> **INSTRUCTIONS TO FOLLOW**
Copy the listing below exactly. Pictures stay out of it.

> **SUPPLIED MATERIAL**

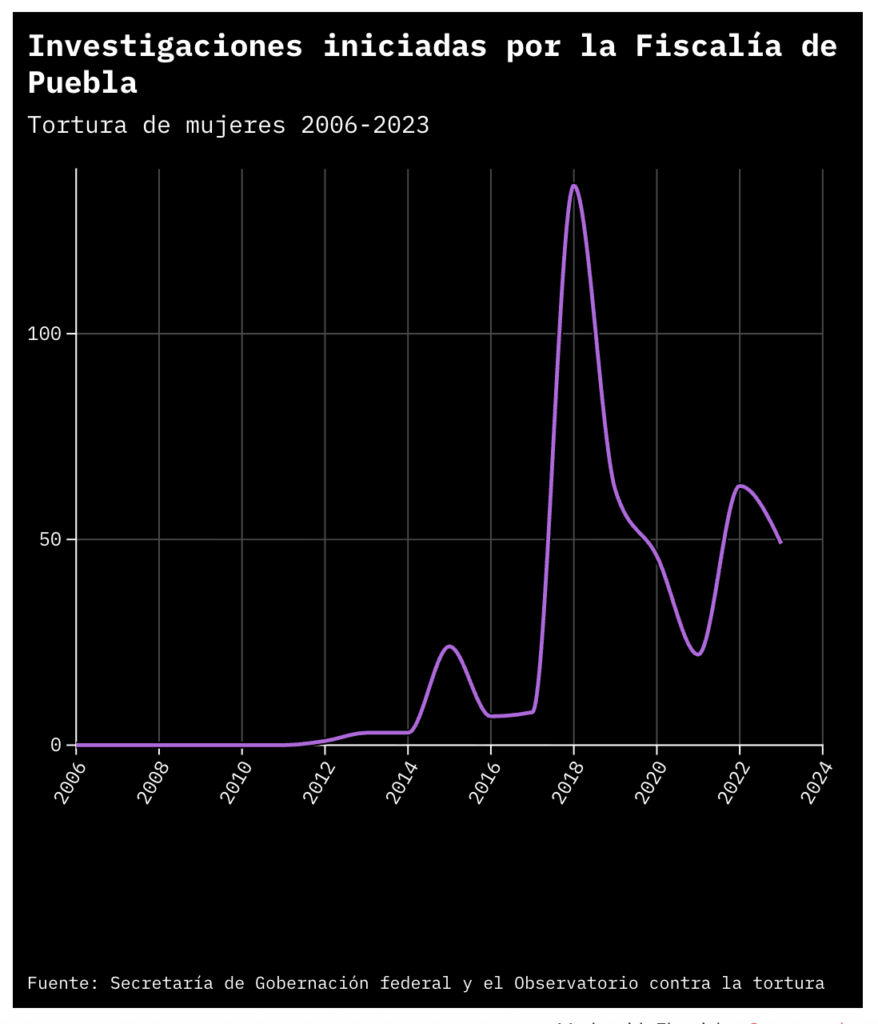 Así como Verónica fue objeto de tortura sexual para declararse culpable por dos secuestros, para esta investigación se encontraron al menos otros dos casos similares, el de Ana en 2017 y el de otra mujer a la que identificaremos como Emma, en 2020. Sus historias son una muestra mínima, si se considera que de 2006 a 2023 se abrieron 424 carpetas de investigación en Puebla por tortura de mujeres, según datos del propio Diagnóstico de la Segob (2006 a 2021) y reportes de Observatorio contra la tortura (2022 a 2023).
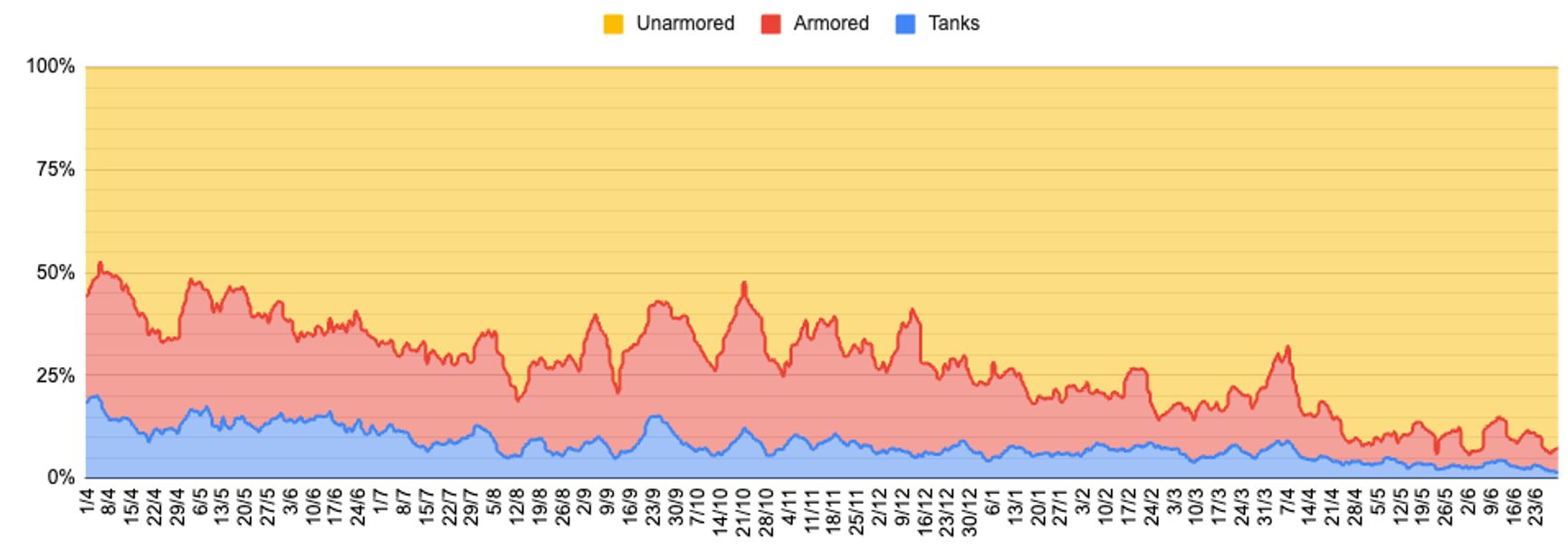Исследователь под ником Vitaly составил инфографику соотношения потерь российских танков, ББМ и небронированной техники на основе данных Генштаба ВСУ. В настоящее время на танки приходится всего 1,5% потерь, еще 5,7% составляют ББМ, остальные 92,8% — багги, мотоциклы, квадроциклы и тому подобная небронированная техника.
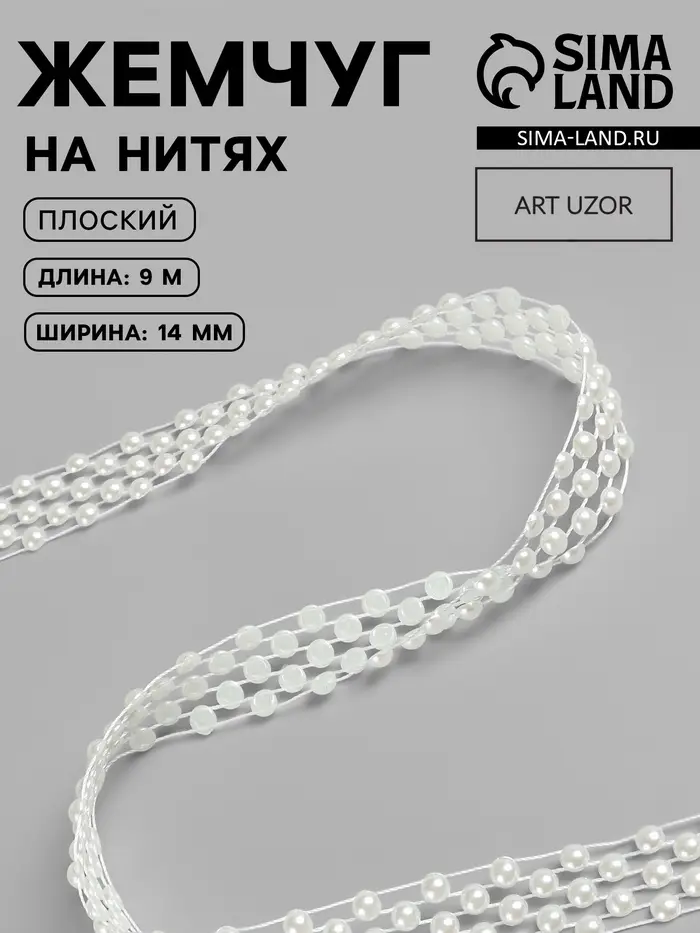 Плоский жемчуг на нити — универсальный элемент декора для творческих проектов и праздничного оформления. Плоские бусины диаметром 14 мм нанизаны на прочную нить длиной около 9 метров. Материал — долговечный пластик, устойчивый к выгоранию и повреждениям.

> **ANSWER SPACE**
 Así como Verónica fue objeto de tortura sexual para declararse culpable por dos secuestros, para esta investigación se encontraron al menos otros dos casos similares, el de Ana en 2017 y el de otra mujer a la que identificaremos como Emma, en 2020. Sus historias son una muestra mínima, si se considera que de 2006 a 2023 se abrieron 424 carpetas de investigación en Puebla por tortura de mujeres, según datos del propio Diagnóstico de la Segob (2006 a 2021) y reportes de Observatorio contra la tortura (2022 a 2023).
Исследователь под ником Vitaly составил инфографику соотношения потерь российских танков, ББМ и небронированной техники на основе данных Генштаба ВСУ. В настоящее время на танки приходится всего 1,5% потерь, еще 5,7% составляют ББМ, остальные 92,8% — багги, мотоциклы, квадроциклы и тому подобная небронированная техника.
 Плоский жемчуг на нити — универсальный элемент декора для творческих проектов и праздничного оформления. Плоские бусины диаметром 14 мм нанизаны на прочную нить длиной около 9 метров. Материал — долговечный пластик, устойчивый к выгоранию и повреждениям.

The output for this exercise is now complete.